¿Necesitamos un sistema presidencialista?
A 48 horas de que se convoquen nuevas elecciones, el autor analiza las causas que han abortado la posibilidad de un gobierno y plantea si un sistema presidencialista hubiera evitado el bloqueo.
“El eficiente secreto de la constitución inglesa descansa en la cercana relación, la casi completa fusión, entre los poderes ejecutivo y legislativo”. (Walter Bagehot).
Más de cien días sin gobierno invitan a la reflexión. Si van acompañados de la certeza de que, tan pronto como el lunes, los citados cien días se duplicarán para abocarnos a un nuevo proceso electoral, la reflexión se convierte en obligatoria. Si marchamos hacia las citadas elecciones envueltos en la certidumbre de que, más que probablemente, no arrojarán un resultado sustancialmente distinto, tenemos un problema.
No es la primera vez que ocurre algo parecido en una democracia europea. Sin irnos demasiado lejos, Bélgica estuvo recientemente más de un año y medio sin gobierno por la incapacidad de los partidos flamencos y valones de ponerse de acuerdo. Por otra parte, Grecia ha tenido serios problemas de gobernabilidad en el pasado lustro, que arrojaron al país a una espiral electoral que desembocó en el triunfo de Alexis Tsipras y el preocupante crecimiento de Amanecer Dorado, la fuerza de extrema derecha populista.
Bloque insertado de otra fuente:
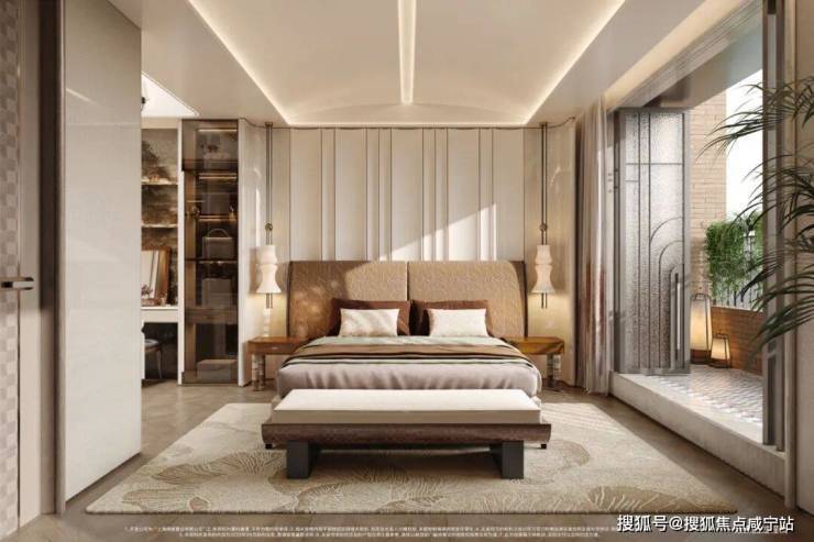 而顶层的主卧大套间,则是墅居生活的至高礼遇——它集步入式衣帽间、豪华卫浴,附带南向约40m²广角全景空中花园,成为一个兼具私密性与景观性的精神自留地。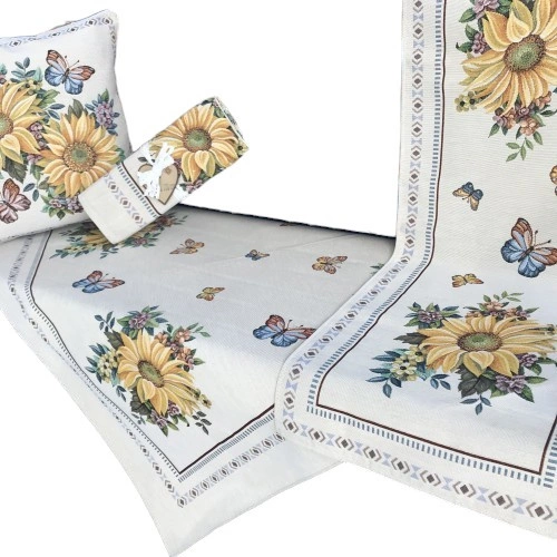 Bieżnik przygotowany z pięknym wzorem w słoneczniki i motyle. Jest cudowną dekoracją stołu w jadalni, kuchni czy salonie. Tak dobrana kolorystyka doskonale wpisuje się w okres wiosny czy lata, stając się dodatkową dekoracją wnętrza.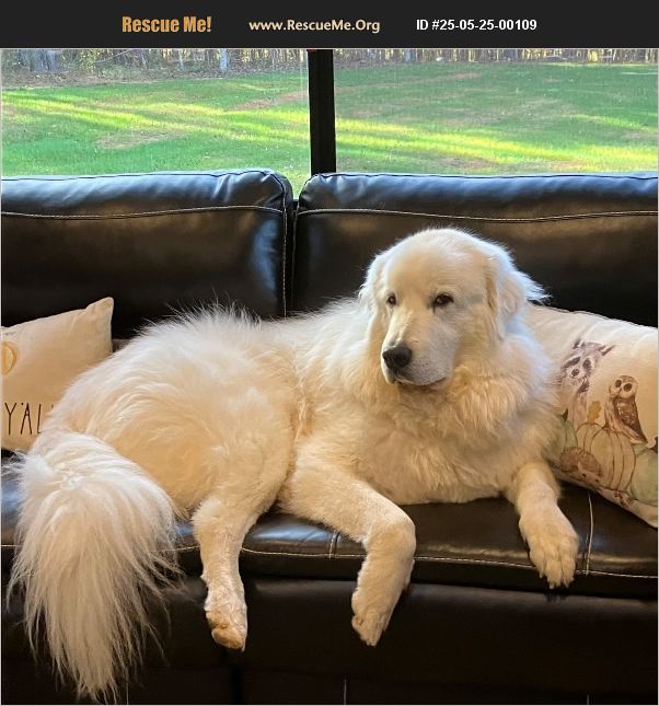 Ivy is a 6 year old 90 lb spayed AKC registered Pyrenees Mountain dog. Excellent LG, needs property and something to guard. Sweet girl who Loves to patrol.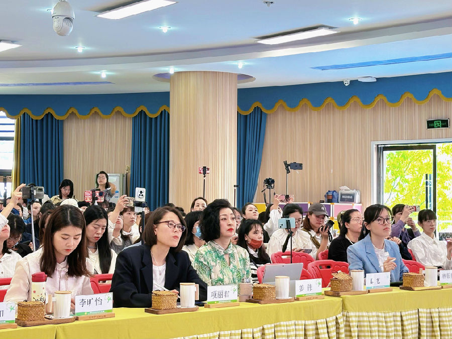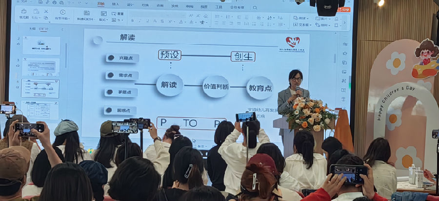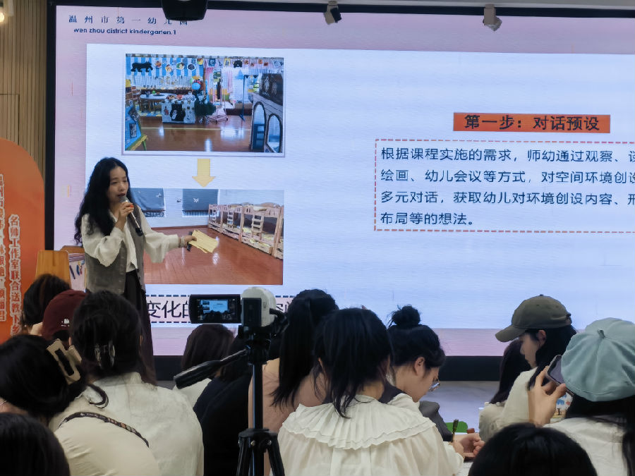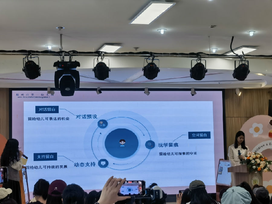 下午场基于“有故事的环境”主题研讨,赵丽娜、李旷怡老师带领大家探寻了温州市九把钥匙之“有故事的环境”,从动态支持、对话预设、玩学留痕三个维度开展教研。就幼儿园当下普遍存在的环境创设问题开展头脑风暴和积极思考,针对《探秘苔藓》和《探秘楼梯》两个鲜活的视频案例开展现场教研,帮助教师提炼出基于儿童需求的“有故事的环境”的多种模式和策略。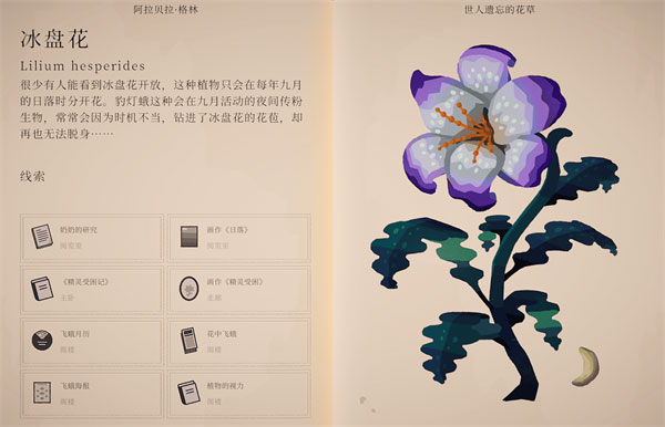 3、环境探索:通过探索庄园的不同区域(如温室、图书馆、花园、牧师洞等),逐步解锁新区域。每个区域的植物线索通常与该区域的环境和历史背景相关。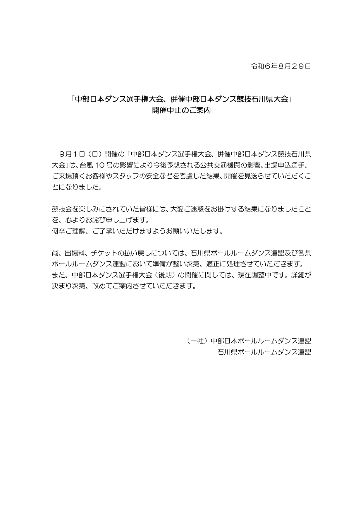 HOME > 社交ダンス > 社交ダンス 【中止】石川県大会 9月1日(日) 投稿日:2024年8月30日 残念… (--;) ブログランキング一日一回の応援クリックが、ブログ更新の励みになります! Twitter Share Pocket Hatena LINE コピーする -社交ダンス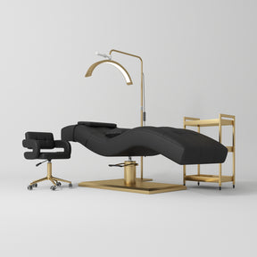 The Manufakturo Prestige Complete Studio Set is your ultimate solution for a luxurious and professional salon experience. This set features a carefully curated selection of premium equipment, including a lash bed, salon chair, beauty trolley, and LED moonlight, each designed to enhance the efficiency and comfort of your beauty treatments. The Manufakturo Prestige Lash Bed, with its titanium gold stainless steel base and cross structure, offers unparalleled stability and elegance. Its multi-layered solid wood frame, adorned with easy-to-clean synthetic leather, ensures both aesthetic beauty and practicality. The segmented bed surface supports the body's natural contours, while the adjustable headrest and pump-operated lift function provide tailored comfort and ease for a variety of treatments.

No obstante, se trata de la primera vez que ocurre algo parecido en España. Un país, por cierto, en que no puede achacarse el problema de gobernabilidad a un sencillo pero irresoluble puzzle nacional compuesto de dos piezas sólo unidas por una capital a la que ninguna quiere renunciar (como Bélgica), pero tampoco a una deuda de casi el 180% del producto interior bruto -quita incluida-, las devastadoras consecuencias de casi cinco años de rescate total de las finanzas públicas y la completa desaparición de un otrora todopoderoso bipartidismo.
Acostumbrados a las mayorías cómodas o absolutas, un escenario como el presente es complejo
Acostumbrados a las mayorías absolutas y, en detrimento de éstas, a las mayorías cómodamente complementables con una bisagra nacionalista siempre dispuesta a negociar el “qué hay de lo mío”, un escenario como el presente es complejo y retorcido. Sin embargo, por encima de todo, es una cosa que a veces se nos olvida destacar: desconocido.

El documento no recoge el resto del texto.